In this study, many fungal guilds were significantly different among various habitats. The most prevalent fungal guild identified in this study was saprotroph (e.g., soil saprotroph, litter saprotroph, wood saprotroph) (Additional file 4: Table S4). In soils, saprotroph fungi play an important ecological role in organic matter decomposition and nutrient cycling through their secretion of extracellular enzyme activities [44]. In seawater, fungi as saprotrophs, interact with marine phytoplankton and can have a significant impact on primary production dynamics and carbon flux in the marine food chain [45]. We found lichenized (functional guild), thallus photosynthetic (growth form), and Lecanorales (fungal order consisting mainly of lichenized taxa) dominated in the lichen habitat (Figs. 5a and 6). In this ice-free area of maritime Antarctica, lichenized fungi, as dominant vegetation, are the main supports for primary production (capable of supporting photosynthesis) [46]. In addition, Kriegeriales (order consisting mainly of yeast taxa) and yeast (growth form) predominated in the feather habitat (Figs. 5a and 6a). In our unpublished data, the colonization rate of cultured yeasts was also higher in feather samples than in other sample types.

Temperature changes caused by global climate change are an important factor affecting the composition of fungal communities. Previous studies have shown that warming leads to significant changes in fungal abundance [5, 6]. In the soils of maritime Antarctica, the richness, relative abundance, and composition of fungal guilds and growth forms are influenced by air temperature and edaphic factors [21]. In addition, new ice-free areas and new climatically suitable habitats may facilitate the establishment of fungal species, either naturally (e.g., lichen-, plant-, moss-, green alga-, air-, and seawater-associated fungi) or by the accidental introduction from animals (e.g., penguin-, bird-, and human-associated fungi). It is estimated that climate warming in marine Antarctica may lead to changes of habitats in ice-free areas, and then affects whole fungal communities in the ice-free area.

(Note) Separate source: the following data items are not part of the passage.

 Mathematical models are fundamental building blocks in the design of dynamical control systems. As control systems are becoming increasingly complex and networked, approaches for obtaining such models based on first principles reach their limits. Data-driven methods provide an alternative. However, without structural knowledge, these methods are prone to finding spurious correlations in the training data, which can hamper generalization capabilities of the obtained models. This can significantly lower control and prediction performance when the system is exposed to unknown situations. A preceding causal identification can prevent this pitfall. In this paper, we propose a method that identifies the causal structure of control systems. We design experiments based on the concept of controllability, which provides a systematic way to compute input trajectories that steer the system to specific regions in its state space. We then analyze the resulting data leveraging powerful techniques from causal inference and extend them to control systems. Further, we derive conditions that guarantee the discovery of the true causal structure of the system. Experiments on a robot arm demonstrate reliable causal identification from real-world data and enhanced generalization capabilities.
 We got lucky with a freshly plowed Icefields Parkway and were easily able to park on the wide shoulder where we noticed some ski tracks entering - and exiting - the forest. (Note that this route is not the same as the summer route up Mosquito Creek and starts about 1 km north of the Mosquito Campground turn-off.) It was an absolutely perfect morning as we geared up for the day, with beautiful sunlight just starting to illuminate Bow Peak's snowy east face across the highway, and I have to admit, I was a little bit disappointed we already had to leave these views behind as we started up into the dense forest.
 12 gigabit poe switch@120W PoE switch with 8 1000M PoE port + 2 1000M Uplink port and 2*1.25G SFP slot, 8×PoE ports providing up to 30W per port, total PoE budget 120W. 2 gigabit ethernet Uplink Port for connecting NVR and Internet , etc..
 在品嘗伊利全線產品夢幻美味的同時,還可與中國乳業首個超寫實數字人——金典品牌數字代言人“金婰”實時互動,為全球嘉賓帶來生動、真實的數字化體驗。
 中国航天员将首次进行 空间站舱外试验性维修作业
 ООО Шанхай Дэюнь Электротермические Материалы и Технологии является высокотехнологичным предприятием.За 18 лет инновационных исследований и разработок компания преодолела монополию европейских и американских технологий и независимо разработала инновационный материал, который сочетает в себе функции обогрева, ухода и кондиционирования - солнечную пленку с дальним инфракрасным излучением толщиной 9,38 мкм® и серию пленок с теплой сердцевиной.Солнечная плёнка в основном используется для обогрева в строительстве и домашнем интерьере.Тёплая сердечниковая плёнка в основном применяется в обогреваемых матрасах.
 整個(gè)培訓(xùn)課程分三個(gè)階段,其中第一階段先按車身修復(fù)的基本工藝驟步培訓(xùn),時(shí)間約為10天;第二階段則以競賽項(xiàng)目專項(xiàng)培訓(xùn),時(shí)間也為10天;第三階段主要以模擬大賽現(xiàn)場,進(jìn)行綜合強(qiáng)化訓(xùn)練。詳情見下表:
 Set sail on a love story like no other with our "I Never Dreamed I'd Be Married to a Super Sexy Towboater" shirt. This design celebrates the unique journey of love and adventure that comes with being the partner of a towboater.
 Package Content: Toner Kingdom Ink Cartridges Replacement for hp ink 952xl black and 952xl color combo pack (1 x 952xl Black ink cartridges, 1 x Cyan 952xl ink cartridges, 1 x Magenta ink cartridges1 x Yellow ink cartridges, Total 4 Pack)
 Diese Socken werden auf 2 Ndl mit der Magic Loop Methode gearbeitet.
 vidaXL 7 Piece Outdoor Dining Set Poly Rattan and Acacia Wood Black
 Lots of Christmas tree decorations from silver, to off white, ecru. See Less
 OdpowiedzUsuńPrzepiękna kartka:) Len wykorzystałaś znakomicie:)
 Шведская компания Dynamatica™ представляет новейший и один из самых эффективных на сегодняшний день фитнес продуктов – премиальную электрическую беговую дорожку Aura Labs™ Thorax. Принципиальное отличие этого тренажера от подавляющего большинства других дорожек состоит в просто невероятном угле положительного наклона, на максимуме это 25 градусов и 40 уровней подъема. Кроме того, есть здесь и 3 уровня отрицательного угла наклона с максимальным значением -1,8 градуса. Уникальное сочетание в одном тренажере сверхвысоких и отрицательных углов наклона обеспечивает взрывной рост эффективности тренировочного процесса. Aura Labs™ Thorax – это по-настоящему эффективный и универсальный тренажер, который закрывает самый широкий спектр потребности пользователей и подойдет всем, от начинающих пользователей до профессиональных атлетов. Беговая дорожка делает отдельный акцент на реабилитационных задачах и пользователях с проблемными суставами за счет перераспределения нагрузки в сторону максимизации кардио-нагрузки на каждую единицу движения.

Climate warming in the Antarctic regions may also increase the risk of fungal diseases. Schütte et al. [47] noted an increase in the relative abundance of potential fungal pathogens after the thawing of the permafrost in Alaska. According to the Atlas of Clinical Fungi [39], this study revealed the broad spectrum of potential fungal pathogens of humans (43 species) in an Antarctic ice-free area. Previous studies have revealed the occurrence of potential fungal pathogens in the Antarctic environments, including Aspergillus fumigatus, Byssochlamys spectabilis, Chrysosporium keratinophilum, Cryptococcus laurentii, Penicillium chrysogenum, Rhizopus oryzae, and Rhodotorula mucilaginosa, which were isolated from ornithogenic soils and displayed virulence capabilities [48]. Our results based on next-generation sequencing provide an indicator of the potential health risk and further analyses of fungal isolates are needed to assess their virulences which are crucial for pathogenicity.

Conclusion

The present study reveals the high diversity of fungal communities in the eleven different habitats and elucidates the ecological traits of fungal communities in an Antarctica ice-free area. We thereby conclude that habitat specificity rather than habitat overlap determined the distribution of fungal communities, suggesting that although fungal communities were connected by dispersal at the local scale, the environmental filter is a key factor driving fungal assemblages in this Antarctic ice-free area.